Q: How many alerts per week is too many? More than 5 actionable alerts per person per week is excessive. If you are paging more than once per week, something is wrong with your system or your thresholds.

Q: Should I alert on CPU and memory usage? Generally no, unless those metrics directly correlate with user-impacting symptoms. Alert on request latency, error rate, and throughput instead.

Q: How do I handle noisy alerts I cannot fix immediately?
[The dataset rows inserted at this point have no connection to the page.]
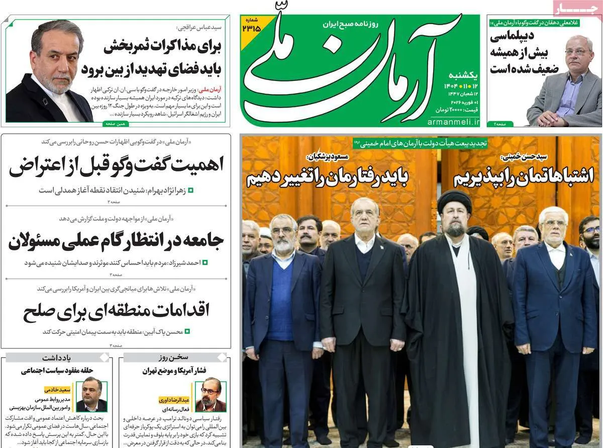 تصویر صفحه اول روزنامه های صبح یک شنبه 12 بهمن 1404 را ببینید.
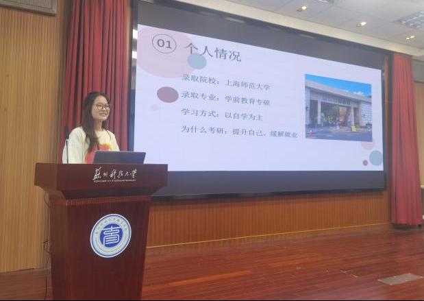 会议还邀请了三位2025届优秀员工代表分享经验。即将入职苏州维园幼儿园的秦语同学分享了求职经验,从面试技巧到职业规划,为同学们提供了实用的建议。考取上海师范大学的刘桢同学分享了考研经历和学习方法,为同学们提供了宝贵的经验;成功申请香港中文大学硕士的蔡文轩同学讲述了出国申请经历,从选校定位、材料准备到面试技巧,为有志于出国深造的同学提供了借鉴。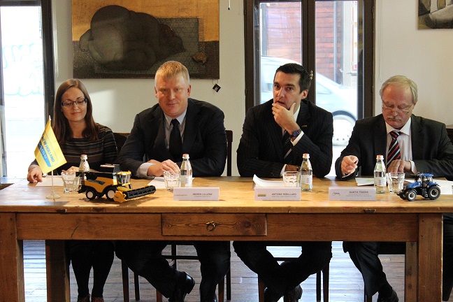 Preses konference par jauno sadarbību. No kreisās: STOKKER sabiedrisko attiecību speciāliste Elīna Neimane, SIA AGRITECH valdes loceklis Indrek Lillend, NEW HOLLAND AGRICULTURE pārstāvis Antoine Rebillard, Lauksaimniecības tehnikas ražotāju un tirgotāju asociācijas valdes loceklis Guntis Tīģeris.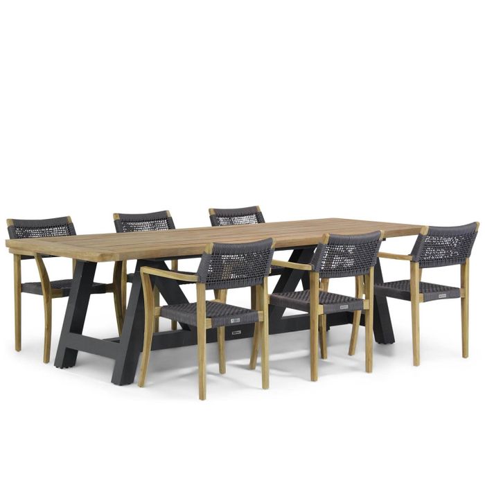 6 x Lifestyle Dallas dining tuinstoel rope stapelbaar grey1 x Lifestyle Trente tafel 260 cmdining tuintafel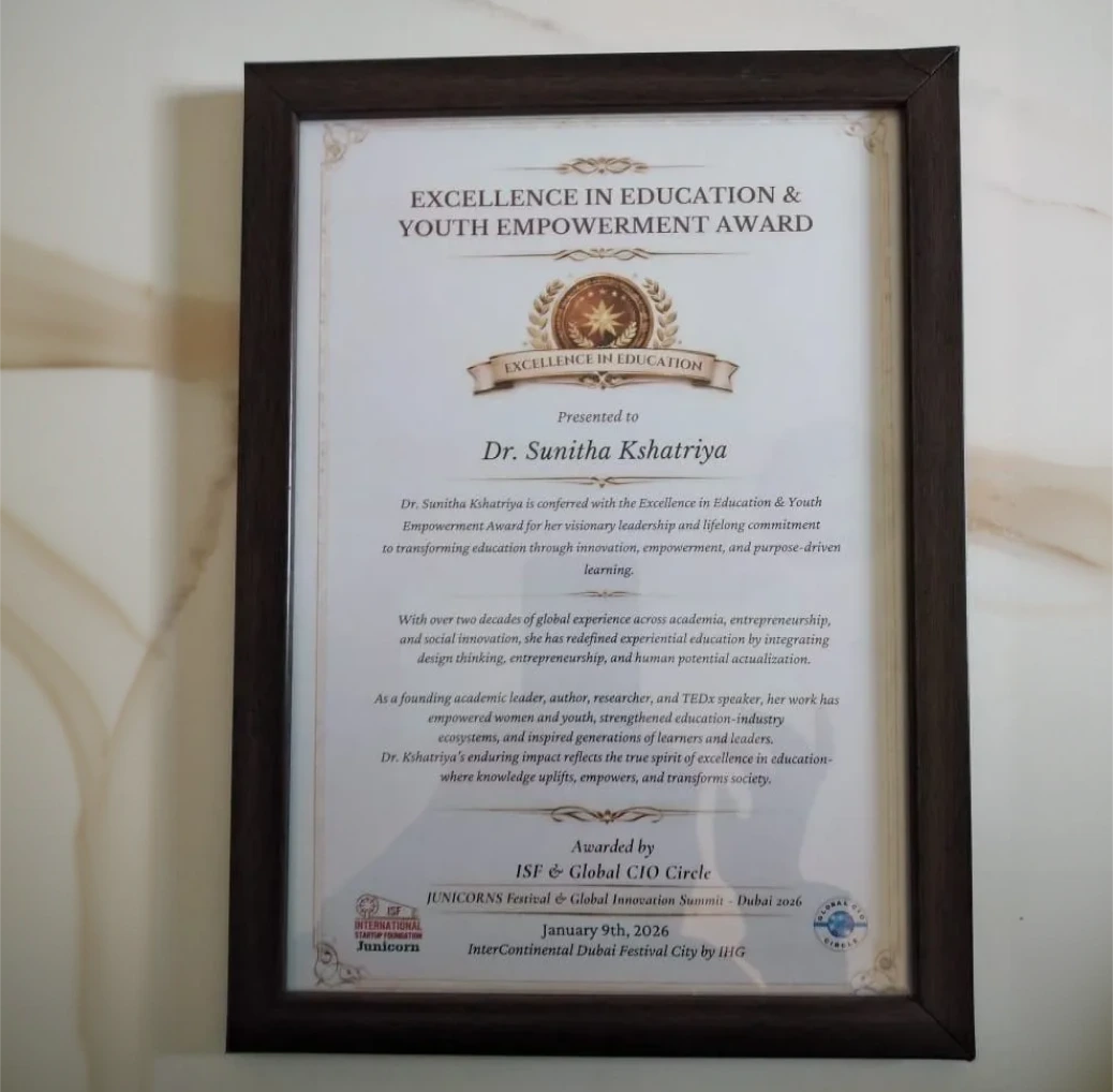 A self-motivated, action-oriented, and results-driven educator with doctoral qualifications, Dr. Sunitha Kshatriya specializes in Entrepreneurship and Innovation, Design Thinking, Strategic HR Management, program creation and development, curriculum design, quality assurance, and institutional assessment and accreditation. She brings over two decades of leadership experience across academia, entrepreneurship, and social innovation, with extensive international exposure across the UAE, Canada, India, and Saudi Arabia.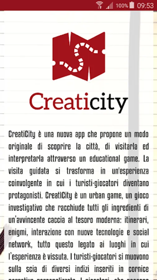 CreatiCity is a new app which offers an original way to discover the city, to visit it and interpret it through an educational game. The tour turns into an immersive experience where tourists-players become protagonists. CreatiCity is an urban game, a detective game that contains all the ingredients of an exciting modern treasure hunt: itineraries, puzzles, interacting with new technologies and social networks, all this linked to the places where the experience is lived. Tourists-players move in the wake of several clues placed into customized frame narrative. Players, who can also be brought together in teams, know the city, clue after clue, will compete in historical knowledge, skill games and puzzles.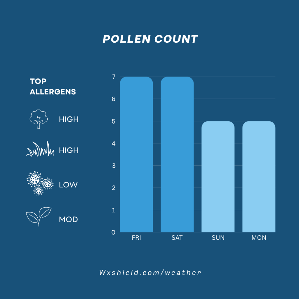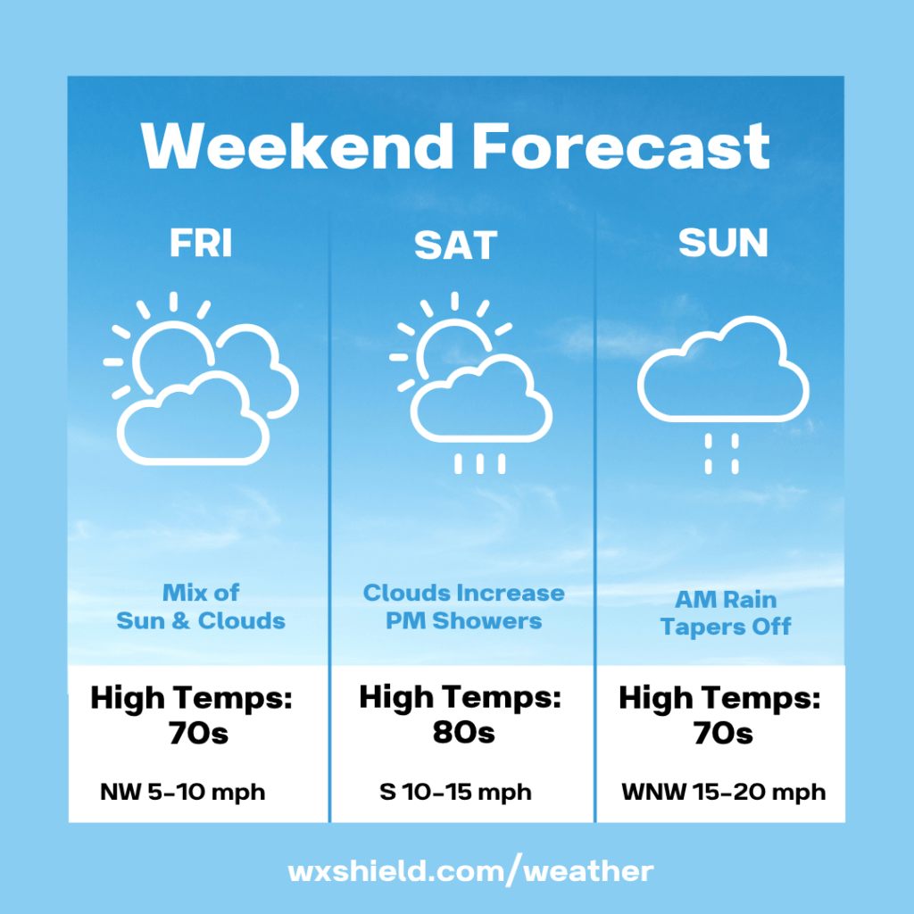 Saturday high temperatures will reach the upper 70s to lower 80s. We will see temperatures climbing again, thanks to a southerly breeze between ten to fifteen mph. A cold front will be approaching on Saturday. Saturday morning we start off with clouds and sun. Clouds will increase throughout the day and showers and a storm will arrive by afternoon and evening.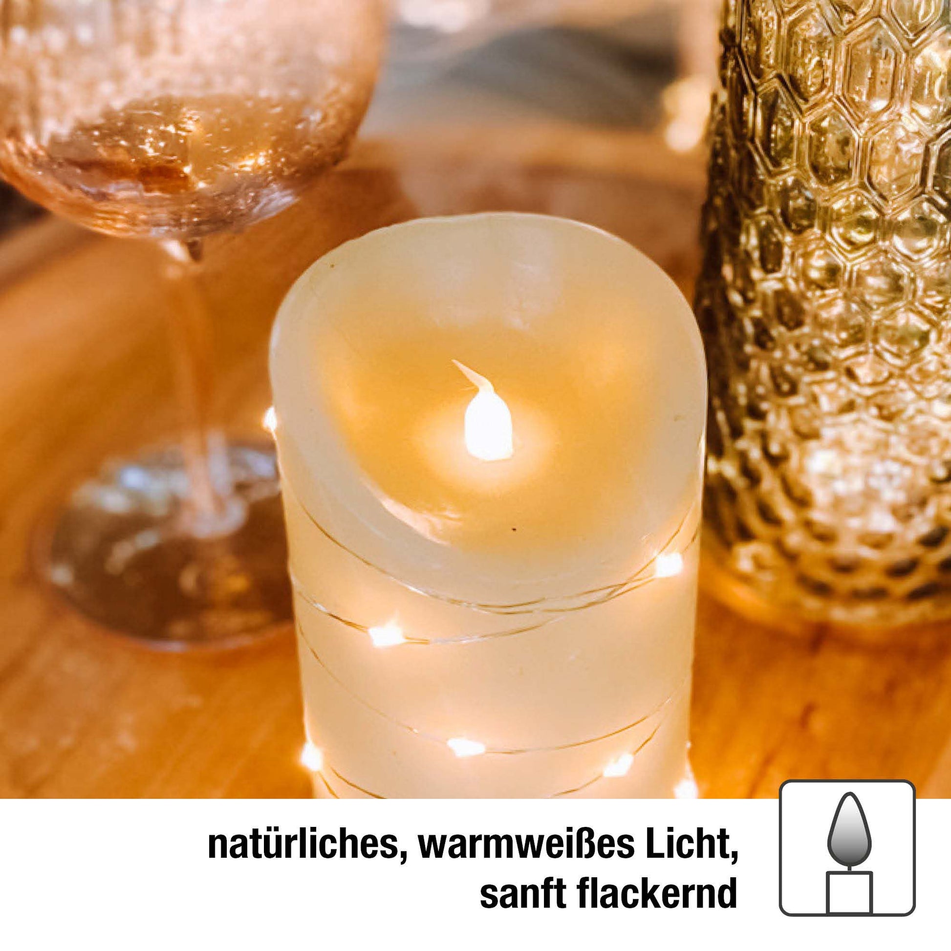 LED-Wachskerze mit Lichterkette "Tautropfen" , H 15cm, D 10cm, 29 + 1 LEDs ww, batteriebetrieben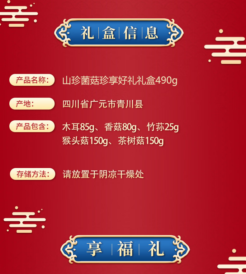 商品名称:川珍珍享好礼山珍菌菇礼盒490g

Temporarily silence them with an expiration date, create a ticket to fix the root cause, and schedule the fix within the current sprint.

Q: What is the difference between an alert and a dashboard? Alerts notify you of something that requires action. Dashboards help you understand what is happening. Use alerts for urgent issues; dashboards for investigation.

Conclusion

Good alerting is a product you build for your on-call engineers. It should be precise, actionable, and respectful of their time. By designing alerts around user impact, creating clear runbooks, and actively reducing noise, you build an operational culture that is sustainable and effective.